PHENOTYPIC CHARACTERISTICS OF HEREDITARY NON-POLYPOSIS COLORECTAL CANCER BY THE AMSTERDAM CRITERIA: AN ASIAN PERSPECTIVE

• Published in: ANZ journal of surgery Vol. 78; no. 7; pp. 556 - 560
• Main Authors: Chew, Min-Hoe, Koh, Poh-Koon, Ng, Kheng-Hong, Lim, Jit-Fong, Ho, Kok-Sun, Ooi, Boon-Swee, Tang, Choong-Leong, Eu, Kong-Weng
• Format: Journal Article
• Language: English
• Published: Melbourne, Australia Blackwell Publishing Asia 01.07.2008; Blackwell Publishing Ltd
• Subjects: Adult; Aged; Amsterdam criteria; Asian; Asian people; Colorectal cancer; Colorectal Neoplasms, Hereditary Nonpolyposis - diagnosis; Colorectal Neoplasms, Hereditary Nonpolyposis - ethnology; Colorectal Neoplasms, Hereditary Nonpolyposis - pathology; Epidemiology; Female; Genotype & phenotype; hereditary non-polyposis colorectal cancer; Humans; Male; Middle Aged; Risk factors; Singapore - epidemiology; Survival Analysis; Singapore
• ISSN: 1445-1433; 1445-2197
• DOI: 10.1111/j.1445-2197.2008.04570.x

Background:  Hereditary non‐polyposis colorectal cancer (HNPCC) is an autosomal disease with a 68–82% lifetime risk of colorectal cancer (CRC). This study examined the phenotypic characteristics of CRC in Amsterdam criteria‐positive Asian patients from the Singapore Polyposis Registry. Methods:  Hereditary non‐polyposis CRC patients, defined by the Amsterdam I and II criteria, prospectively monitored in the Singapore Polyposis Registry over a 16‐year period were reviewed. Clinical data were obtained from a computerized database and parameters, such as age of diagnosis, type and location of CRC, other associated cancers in the pedigree, cancer recurrence and survival were analysed. Results:  Fifty‐two patients (31 men and 21 women) from 42 unrelated families, with a median age of 44.5 years (range 27–73 years), fulfilled either Amsterdam I or II criteria and were included in our analysis. The racial distribution was 91% (n = 47) Chinese and 9% (n = 5) Malays, with a median follow up of 44.9 months (range 2–183 months). Significantly, 69% of tumours in this Amsterdam‐defined cohort were left sided, with most being sigmoid cancers. Sixty per cent of all the tumours presented at a late stage (Dukes’ C or D). Left‐sided tumours presented with more advanced Dukes’ stage (P = 0.096) and a higher rate of metastatic disease (P = 0.08) compared with right‐sided lesions.

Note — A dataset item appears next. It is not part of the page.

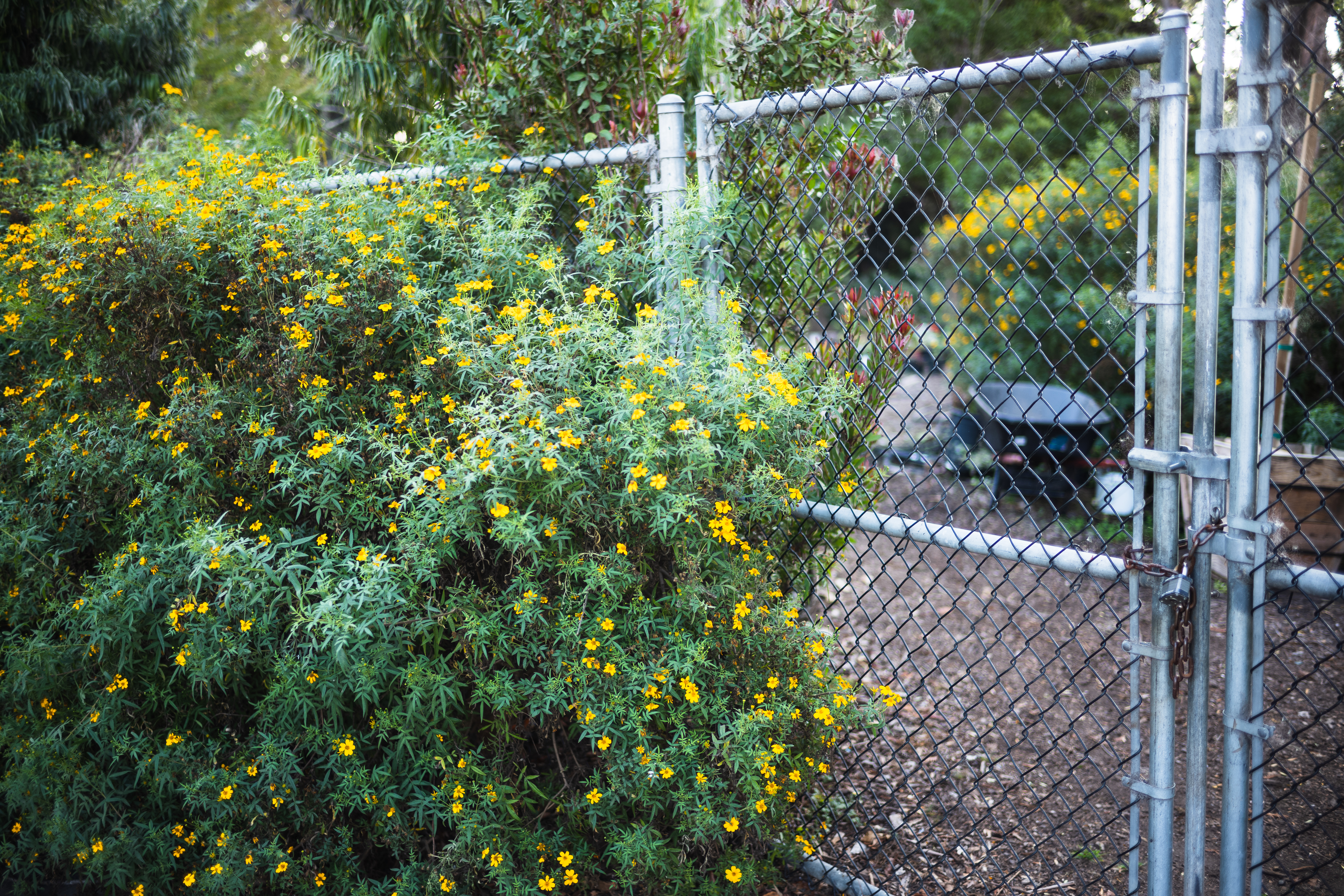 A vibrant tangle of yellow flowers spills over a weathered chain-link fence, creating a harmonious blend of industrial and natural elements. The soft, diffused lighting casts a gentle glow, highlighting the lush greenery and the cheerful blooms, evoking a sense of tranquility and hidden beauty. In the background, hints of more foliage and a shadowy cart suggest a deeper, unexplored garden beyond the gate, inviting curiosity.
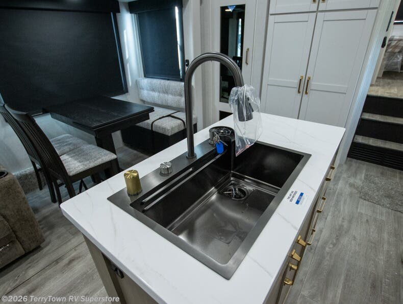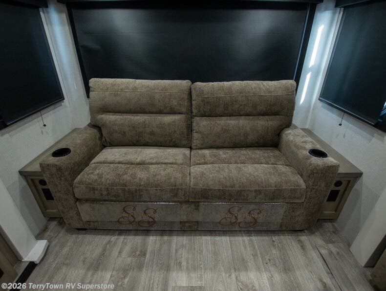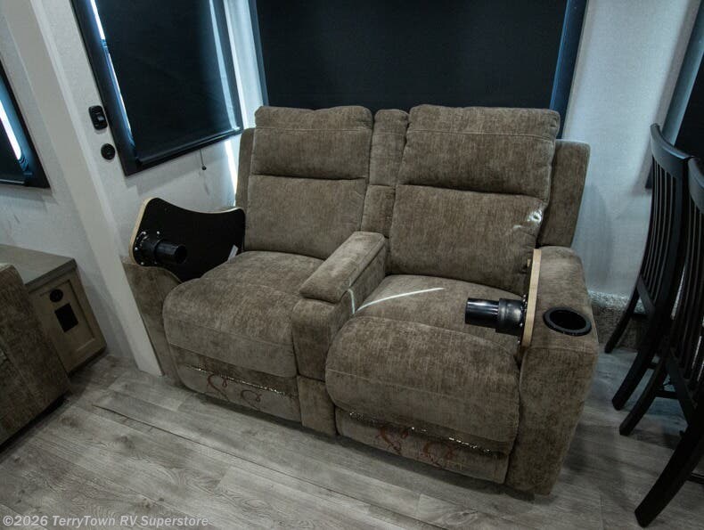 Pack your bags and head off on adventure in this spacious fifth wheel for four! The dual opposing slides in the kitchen and main living area will give your crew more space to relax. Speaking of relaxing, there is a theater seat across from the fireplace and TV plus a tri-fold sofa to make it a movie night. The free-standing table includes two chairs on one side and a bench on the other, and the kitchen island is sure to be appreciated by the chef of your group. There is also a spacious kitchen pantry and an outside kitchen if they'd rather cook outdoors. The front master bedroom includes an Olympic queen bed, dual wardrobes plus a third wardrobe within the bedroom slide out, and TV prep if you want the option to watch a show in bed!

There were, however, no significant differences in either disease‐free or overall survival between right‐sided and left‐sided tumours. Conclusion:  This study emphasized the significant left‐sided predominance of CRC in Amsterdam I and II‐defined patients from our predominantly Chinese population, in contrast to those classically described in Lynch syndrome. Amsterdam criteria thus may not be suitable for diagnosing HNPCC in Asian populations and a greater emphasis should be made towards routine molecular diagnosis of mismatch repair gene defects in suspected HNPCC patients of Asian decent.